Intraocular Bleeding in Patients With Atrial Fibrillation Treated With NOACs VS. Warfarin: A Systematic Review and Meta-Analysis

Background: Intraocular bleeding is a devastating adverse event for patients with atrial fibrillation (AF) receiving anticoagulant therapy. It is unknown whether non-vitamin K oral anticoagulants (NOACs) compared with warfarin can reduce the risk of intraocular bleeding in patients with AF. Herein, we conducted a meta-analysis to evaluate the effect of NOACs vs. warfarin on intraocular bleeding in the AF population.

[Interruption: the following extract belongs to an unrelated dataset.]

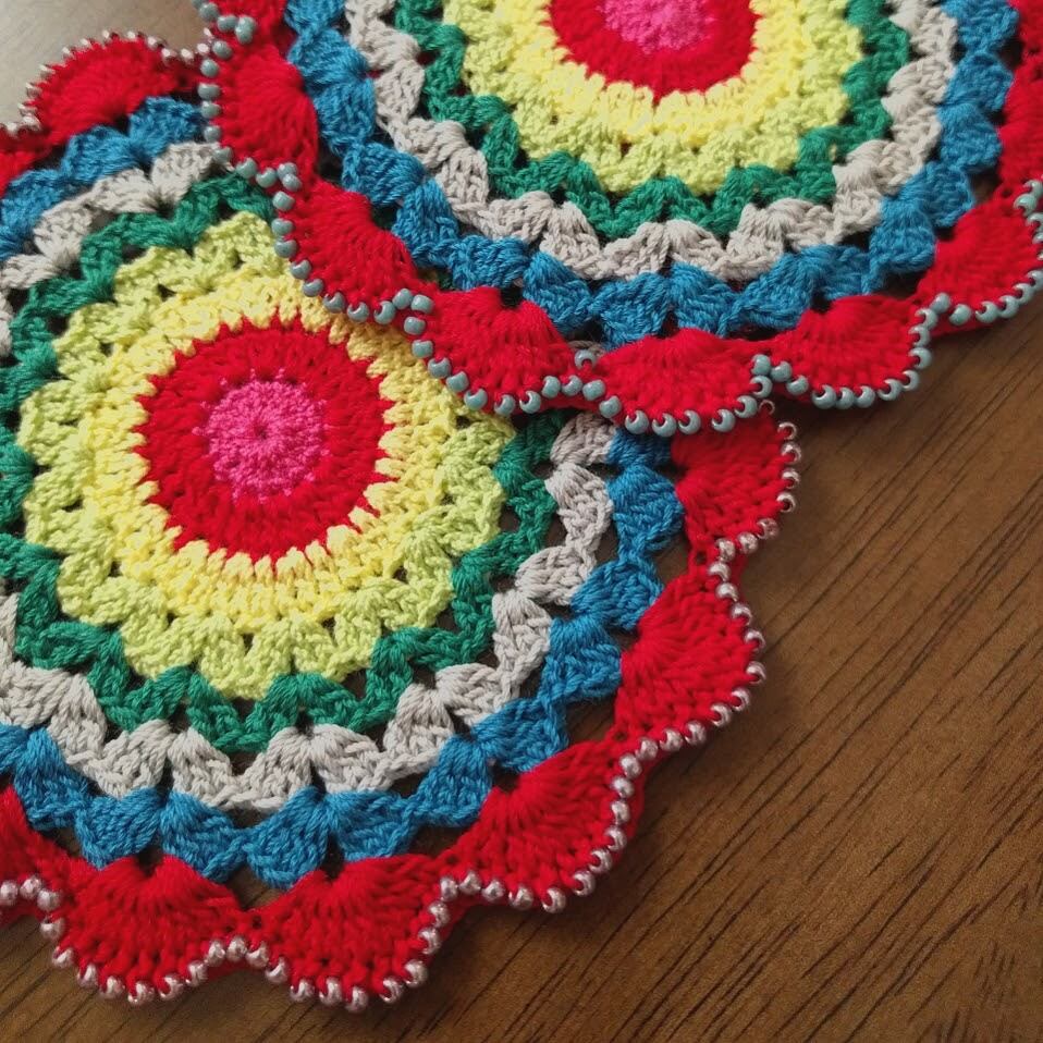 縁にそれぞれ違うお色のビーズを編み入れました♡

Methods: Studies were systematically searched from the Embase, PubMed, and Cochrane databases until April 2022. We included studies if they enrolled patients with AF and compared the intraocular bleeding risk between NOACs and warfarin and if they were randomized controlled trials (RCTs) or observational cohort studies. The random-effects model was chosen to evaluate the pooled odds ratios (ORs) and 95% confidence intervals (CIs).

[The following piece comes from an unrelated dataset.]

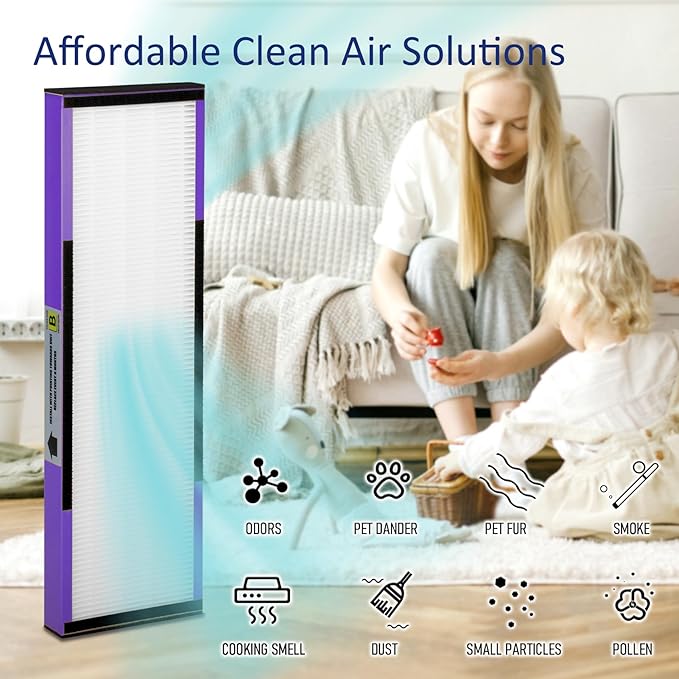 - H13 True HEPA Filter: Better than H11 HEPA, we use H13 true HEPA filters, which are more efficient. This filter captures airborne particles as small as 0.3 microns and effectively absorbs harmful substances such as pollen, pet dander, dust, smoke and odors.

Results: A total of 193,980 patients with AF from 5 randomized controlled trials (RCTs) and 1 cohort study were included. The incidence of intraocular bleeding among AF patients treated with warfarin and NOACs was 0.87% (n = 501/57346) and 0.61% (n = 836/136634), respectively. In the pooled analysis with the random-effects model, the use of NOACs was not significantly associated with the risk of intraocular bleeding (OR = 0.74; 95% CI 0.52–1.04, P = 0.08) compared with warfarin use. In addition, the sensitivity analysis with the fixed-effects model suggested that NOAC users had a lower incidence of intraocular bleeding than patients with warfarin (OR = 0.57; 95% CI 0.51–0.63, P < 0.00001).

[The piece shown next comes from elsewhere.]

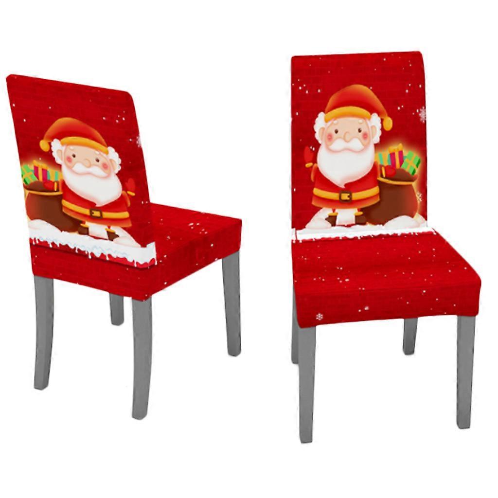 2Pcs Christmas Chair Cover Decoration Santa Claus Jingle Bell Pattern Stretch Removable Slipcover Protector for Case One size

Conclusions: Our current meta-analysis suggested that the use of NOACs had no increase in the incidence of intraocular bleeding compared with warfarin use in patients with AF. Whether the use of NOACs is superior to warfarin needs more research to confirm.

Introduction

Atrial fibrillation (AF) has become the most common arrhythmia that affects people worldwide. Patients who have been diagnosed with AF are more prone to suffer from thromboembolic events (1, 2). As such, we urgently need to find an appropriate treatment that can prevent the risk of thromboembolism in patients with AF (3, 4). Although warfarin, a kind of vitamin K antagonists, has already proven to be practical for thromboprophylaxis (5), it still has many disadvantages (e.g., interactions with other drugs or food, frequent monitoring of international normalized ratio) (6, 7). Recently, non-vitamin K oral anticoagulants (NOACs; i.e., dabigatran, rivaroxaban, apixaban, and edoxaban) have been widely used in patients with AF. Newly published guidelines consistently recommend the use of NOACs as the criterion for anticoagulant therapy in patients with AF in terms of their effectiveness and safety compared with warfarin (2, 3, 8).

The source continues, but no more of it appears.